**Study material:**
---*---
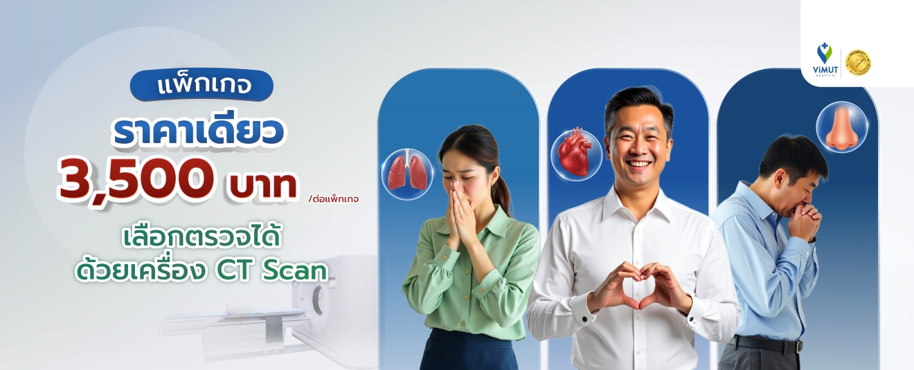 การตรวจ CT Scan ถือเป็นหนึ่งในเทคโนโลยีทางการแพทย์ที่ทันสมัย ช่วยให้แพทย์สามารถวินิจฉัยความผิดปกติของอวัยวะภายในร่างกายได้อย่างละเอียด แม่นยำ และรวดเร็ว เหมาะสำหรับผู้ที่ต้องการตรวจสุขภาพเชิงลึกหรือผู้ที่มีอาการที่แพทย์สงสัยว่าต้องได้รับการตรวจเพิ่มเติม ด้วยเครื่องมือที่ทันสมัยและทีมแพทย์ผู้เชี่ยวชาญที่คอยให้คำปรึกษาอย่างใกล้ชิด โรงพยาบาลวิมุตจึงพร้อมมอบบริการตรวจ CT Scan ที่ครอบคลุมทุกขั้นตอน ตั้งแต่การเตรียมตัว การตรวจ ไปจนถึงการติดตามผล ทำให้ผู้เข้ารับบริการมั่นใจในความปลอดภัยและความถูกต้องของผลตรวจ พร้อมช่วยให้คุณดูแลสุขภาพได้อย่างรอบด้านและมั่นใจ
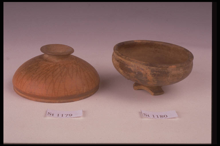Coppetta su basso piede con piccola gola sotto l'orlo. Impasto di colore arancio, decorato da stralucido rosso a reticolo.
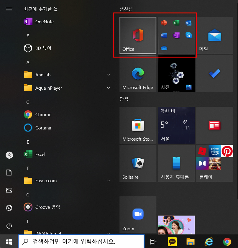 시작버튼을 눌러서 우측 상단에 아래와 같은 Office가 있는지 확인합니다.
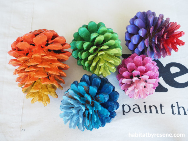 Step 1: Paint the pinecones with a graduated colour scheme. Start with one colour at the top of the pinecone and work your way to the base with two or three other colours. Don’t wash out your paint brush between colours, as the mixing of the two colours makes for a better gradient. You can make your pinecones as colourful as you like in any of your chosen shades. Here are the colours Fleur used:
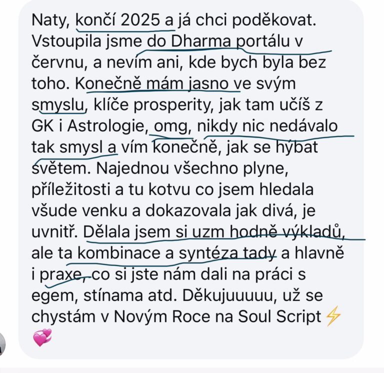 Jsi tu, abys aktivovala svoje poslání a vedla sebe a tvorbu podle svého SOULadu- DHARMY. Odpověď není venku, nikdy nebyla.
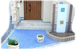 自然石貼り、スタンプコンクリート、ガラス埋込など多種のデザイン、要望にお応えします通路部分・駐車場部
---*---
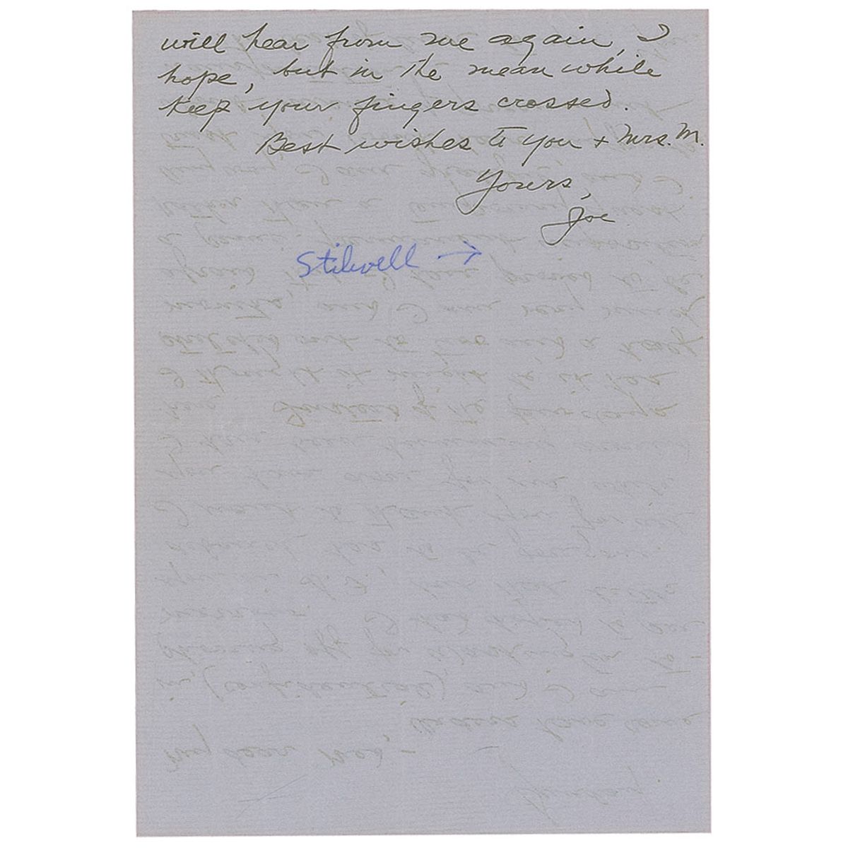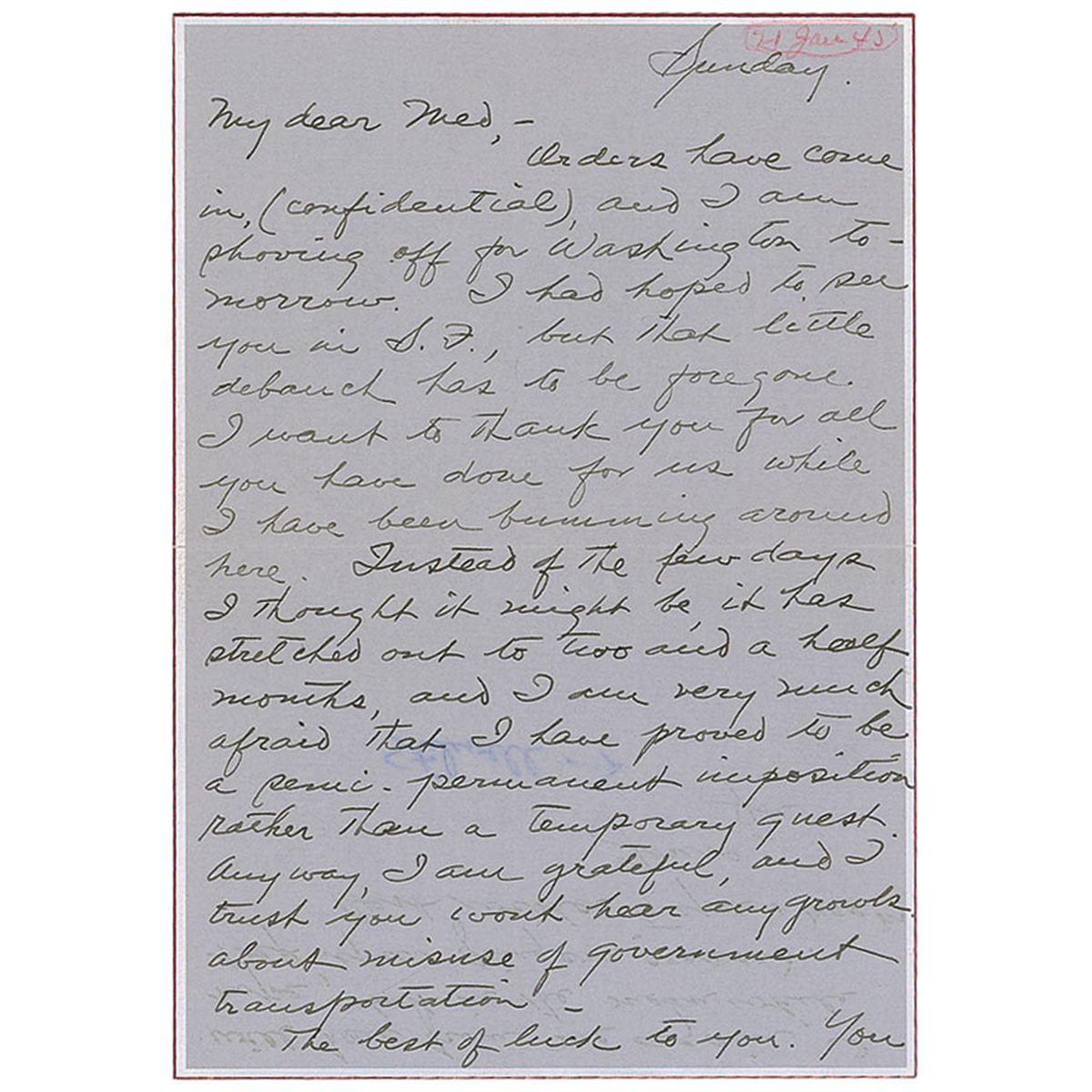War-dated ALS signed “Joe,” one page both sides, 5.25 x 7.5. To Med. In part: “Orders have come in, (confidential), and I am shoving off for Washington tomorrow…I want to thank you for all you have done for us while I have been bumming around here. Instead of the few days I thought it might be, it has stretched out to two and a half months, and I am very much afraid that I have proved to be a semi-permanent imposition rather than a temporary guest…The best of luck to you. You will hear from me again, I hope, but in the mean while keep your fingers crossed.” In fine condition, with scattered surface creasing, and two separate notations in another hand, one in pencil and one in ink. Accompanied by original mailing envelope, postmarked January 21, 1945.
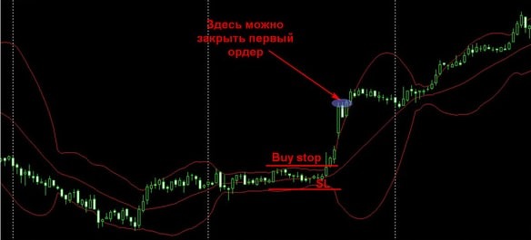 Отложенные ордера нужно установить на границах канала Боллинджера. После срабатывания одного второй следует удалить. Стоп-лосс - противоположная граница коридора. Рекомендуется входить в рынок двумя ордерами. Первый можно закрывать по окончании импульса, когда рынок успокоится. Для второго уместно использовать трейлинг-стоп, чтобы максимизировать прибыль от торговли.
---*---
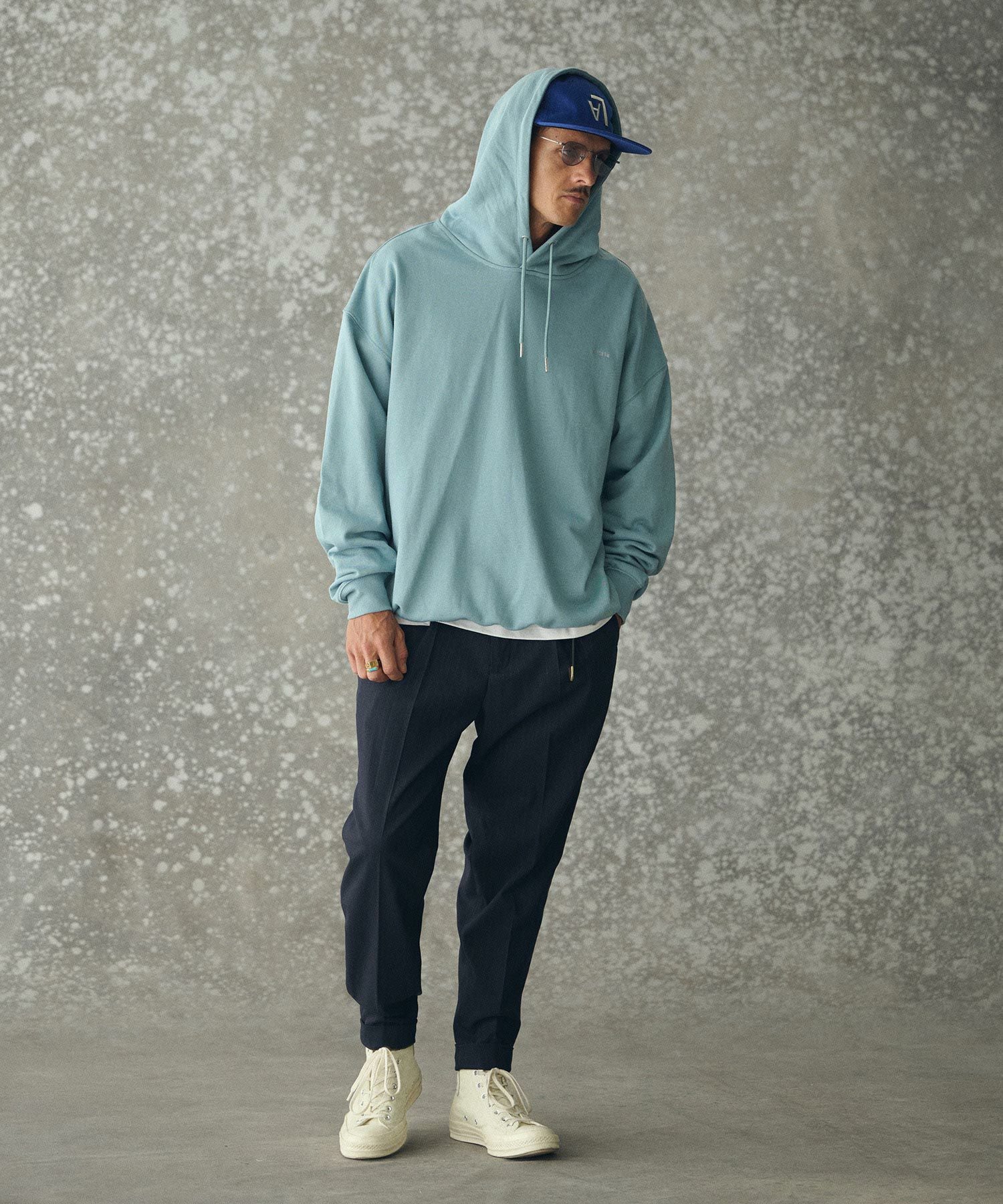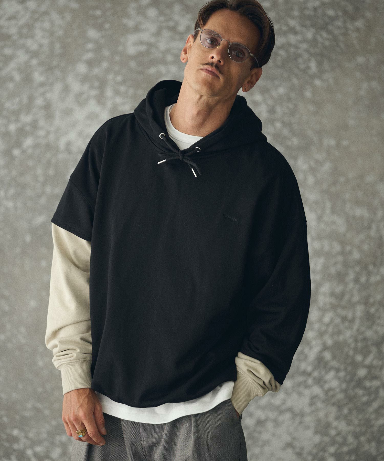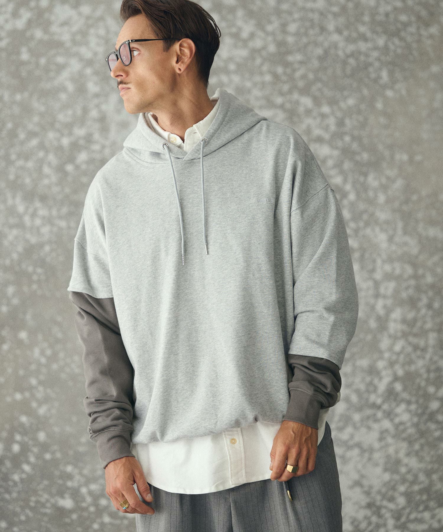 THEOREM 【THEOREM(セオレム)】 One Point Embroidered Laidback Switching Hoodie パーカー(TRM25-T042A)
---*---
**Task goal:** Looking above, find the stretch of lines that opens with the one holding "Jsi tu, abys" and closes with the one holding "自然石貼り、スタンプコンクリ". Copy it exactly, pictures excluded.

**Result of the exercise:**
 Jsi tu, abys aktivovala svoje poslání a vedla sebe a tvorbu podle svého SOULadu- DHARMY. Odpověď není venku, nikdy nebyla.
 自然石貼り、スタンプコンクリート、ガラス埋込など多種のデザイン、要望にお応えします通路部分・駐車場部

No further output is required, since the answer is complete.